Below is a Woodwork `ColumnSchema` that we've obtained from the `'product_id'` column in the `products` DataFrame in the retail EntitySet.

In [None]:
products_df = es['products']
product_ids_series = products_df.ww['product_id']
column_schema = product_ids_series.ww.schema
column_schema

This combination of logical type and semantic tag typing information is a `ColumnSchema`. In the case above, the `ColumnSchema` describes the **type definition** for a single column of data.

However, it's important to note that there is no physical type in a `ColumnSchema`. This is because a `ColumnSchema` is a collection of Woodwork types that doesn't have any data tied to it and therefore has no physical representation. 

Because a `ColumnSchema` object is not tied to any data, it can also be used to describe a **type space** into which other columns may or may not fall.

This flexibility of the `ColumnSchema` class means that each column in an EntitySet ultimately can be described by a type definition `ColumnSchema`, and each Primitive defines the input and return types using a `ColumnSchema` type space.

Let's look at a different column in a different DataFrame to see how this works:

In [None]:
order_products_df = es['order_products']
order_products_df.head() 

In [None]:
quantity_series = order_products_df.ww['quantity']
column_schema = quantity_series.ww.schema
column_schema

The `ColumnSchema` above has been pulled from the `'quantity'` column in the `order_products` table in the retail EntitySet. This is a **type definition**. 

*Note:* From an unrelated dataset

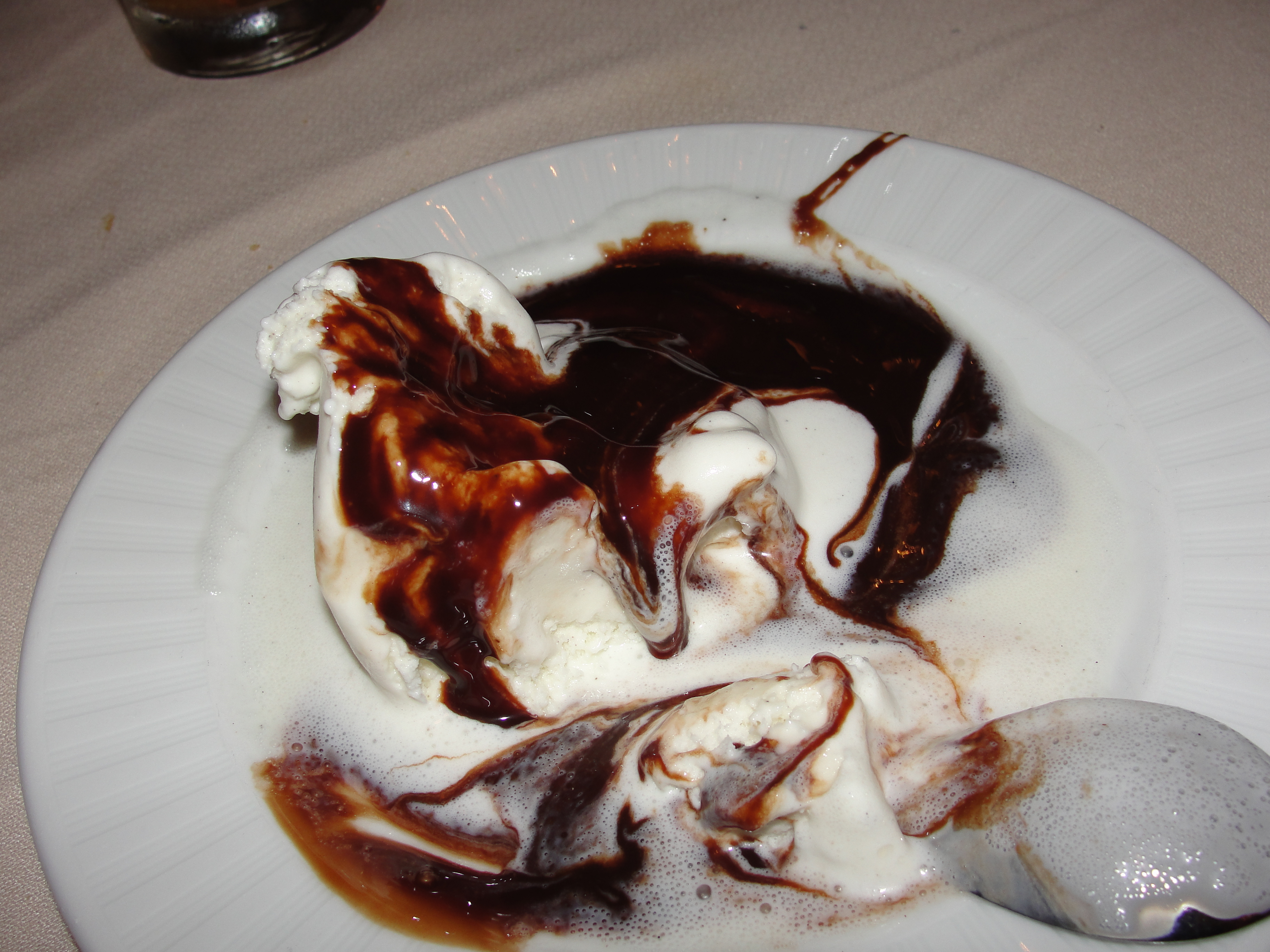 On the menu, they advertised a sundae bar and seasonal pies and desserts. I was really looking forward to this and was disappointed when I found that it was only ice cream and a few toppings. I got a scoop of ice cream and put hot fudge on it. I was shocked that they didn’t have bowls for the ice cream and the plates were warm. Hmm. I got back to the table and began to eat the ice cream. I found right away that the advertised hot fudge was actually chocolate syrup. This really bummed me out because I just love hot fudge. The ice cream was vanilla and decent. The chocolate syrup had the normal fake taste to it and just was okay. Nothing great here for dessert round 1.

If we look at the `order_products` table's Woodwork types below, we can see that there are several columns that will have similar `ColumnSchema` type definitions. If we wanted to describe subsets of those columns, we could define several `ColumnSchema` **type spaces**

In [None]:
es['order_products'].ww

Below are several `ColumnSchema`s that all would include our `quantity` column, but each of them describes a different type space. These `ColumnSchema`s get more restrictive as we go down:

##### Entire Table
No restrictions have been placed; any column falls into this definition. This would include the whole DataFrame.

In [None]:
from woodwork.column_schema import ColumnSchema

ColumnSchema()

##### By Standard Tag
Only columns with the `numeric` tag apply. This can include Double, Integer, and Age logical type columns as well. It will not include the `index` column which, despite containing integers, has had its standard tags replaced by the `'index'` tag.

In [None]:
ColumnSchema(semantic_tags=['numeric'])

In [None]:
df = es['order_products'].ww.select(include='numeric')
df.ww

##### By Logical Type
Only columns with logical type of `Double` are included in this definition. Does not require the `numeric` tag, so an index column (which has its standard tags removed) would still apply.

In [None]:
from woodwork.logical_types import Double

ColumnSchema(logical_type=Double)

In [None]:
df = es['order_products'].ww.select(include='Integer')
df.ww

##### By Logical Type and Semantic Tag
The column must have logical type `Double` and have the `numeric` semantic tag, excluding index columns.

In [None]:
ColumnSchema(logical_type=Double, semantic_tags=['numeric'])

In [None]:
df = es['order_products'].ww.select(include='numeric')
df = df.ww.select(include='Integer')
df.ww

In this way, a `ColumnSchema` can define a type space under which columns in a Woodwork DataFrame can fall. This is how Featuretools determines which columns in a DataFrame are valid for a Primitive in building Features during DFS.

Each Primitive has `input_types` and a `return_type` that are described by a Woodwork `ColumnSchema`. Every table in an EntitySet has Woodwork initialized on it. This means that when an EntitySet is passed into DFS, Featuretools can select the relevant columns in the DataFrame that are valid for the Primitive's `input_types`. We then get a Feature that has a `column_schema` property that indicates what that Feature's typing definition is in a way that lets DFS stack features on top of one another.

In this way, Featuretools is able to leverage the base unit of Woodwork typing information, the `ColumnSchema`, and use it in concert with an EntitySet of Woodwork DataFrames in order to build Features with Deep Feature Synthesis.